New York: The Earth formed relatively quickly from a cloud of dust and gas around the sun, trapping water and gases in the planet’s mantle, according to a study.
Besides determining Earth’s origins, the study led by a team from the University of California Davis could also help in identifying extrasolar systems that could support habitable planets.
Drawing on data from the depths of the Earth to deep space, Professor Sujoy Mukhopadhyay and postdoctoral researcher Curtis Williams used neon isotopes to show how this planet formed.
“We’re trying to understand where and how the neon in Earth’s mantle was acquired, which tells us how fast the planet formed and in what conditions,” Williams said.
Neon is actually a stand-in for where gases such as carbon dioxide, nitrogen came from, Williams said.
Unlike these compounds that are essential for life, neon is an inert noble gas, and is not influenced by chemicals and biological processes.

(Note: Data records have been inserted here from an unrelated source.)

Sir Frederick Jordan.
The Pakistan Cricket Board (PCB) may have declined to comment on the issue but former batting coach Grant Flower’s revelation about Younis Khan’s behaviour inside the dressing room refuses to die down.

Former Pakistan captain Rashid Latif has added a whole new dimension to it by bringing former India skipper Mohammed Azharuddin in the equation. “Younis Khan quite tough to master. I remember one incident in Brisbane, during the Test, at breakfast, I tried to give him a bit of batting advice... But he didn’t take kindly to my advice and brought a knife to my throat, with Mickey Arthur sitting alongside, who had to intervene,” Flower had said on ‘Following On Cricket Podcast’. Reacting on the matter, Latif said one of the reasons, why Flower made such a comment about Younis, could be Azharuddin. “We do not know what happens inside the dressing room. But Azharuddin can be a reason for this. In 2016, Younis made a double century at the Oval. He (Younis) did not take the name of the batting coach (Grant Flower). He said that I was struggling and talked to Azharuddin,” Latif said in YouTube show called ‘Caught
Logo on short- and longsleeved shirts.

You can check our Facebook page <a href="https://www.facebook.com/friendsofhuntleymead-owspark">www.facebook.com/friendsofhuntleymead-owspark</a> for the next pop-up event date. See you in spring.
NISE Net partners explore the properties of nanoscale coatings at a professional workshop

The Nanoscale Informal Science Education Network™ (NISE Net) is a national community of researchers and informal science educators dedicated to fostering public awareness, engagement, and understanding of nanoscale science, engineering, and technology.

“Neon keeps a memory of where it came from even after four and a half billion years,” Mukhopadhyay said.
For the study, published in the journal Nature,A the team accurately measured the ratios of neon isotopes that were trapped in the Earth’s mantle when the planet formed.A
Neon has three isotopes, neon-20, 21 and 22. All three are stable and non-radioactive, but neon-21 is formed by radioactive decay of uranium.

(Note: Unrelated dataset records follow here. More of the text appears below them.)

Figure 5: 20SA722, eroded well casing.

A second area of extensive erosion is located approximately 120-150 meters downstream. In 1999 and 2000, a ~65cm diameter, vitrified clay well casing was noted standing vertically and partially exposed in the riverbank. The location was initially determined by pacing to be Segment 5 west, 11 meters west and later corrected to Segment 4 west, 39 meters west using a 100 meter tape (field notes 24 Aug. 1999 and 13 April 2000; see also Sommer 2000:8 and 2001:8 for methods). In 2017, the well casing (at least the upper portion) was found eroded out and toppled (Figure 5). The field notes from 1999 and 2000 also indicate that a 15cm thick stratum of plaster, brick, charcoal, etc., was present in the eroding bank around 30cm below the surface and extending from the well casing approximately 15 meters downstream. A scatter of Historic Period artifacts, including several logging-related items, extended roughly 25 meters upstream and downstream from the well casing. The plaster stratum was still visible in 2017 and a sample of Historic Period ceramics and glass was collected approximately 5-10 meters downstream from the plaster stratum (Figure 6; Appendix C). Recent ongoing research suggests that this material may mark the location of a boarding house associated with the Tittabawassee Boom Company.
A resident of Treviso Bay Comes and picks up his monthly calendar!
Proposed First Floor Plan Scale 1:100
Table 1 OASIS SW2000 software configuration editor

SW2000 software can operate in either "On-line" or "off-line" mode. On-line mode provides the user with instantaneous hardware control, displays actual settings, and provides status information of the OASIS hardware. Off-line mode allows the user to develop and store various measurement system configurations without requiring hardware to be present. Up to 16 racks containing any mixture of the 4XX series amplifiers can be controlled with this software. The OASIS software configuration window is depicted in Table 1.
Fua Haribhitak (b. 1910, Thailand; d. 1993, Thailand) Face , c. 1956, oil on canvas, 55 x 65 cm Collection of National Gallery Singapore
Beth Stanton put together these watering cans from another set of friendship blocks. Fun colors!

So the amounts of neon-20 and 22 in the Earth have been stable since the planet formed and will remain so forever, but neon-21 slowly accumulates over time. The three scenarios for Earth’s formation are predicted to have different ratios of neon-20 to neon-22, the researchers noted.
The isotope ratios they found were well above those for the “irradiated particles” or “late accretion” models, Williams said, and support rapid early formation.
“This is a clear indication that there is nebular neon in the deep mantle,” Williams said.
The results imply that to absorb these vital compounds, a planet must reach a certain size — the size of Mars or a little larger — before the solar nebula dissipates. Observations of other solar systems show that this takes about two to three million years, Williams said.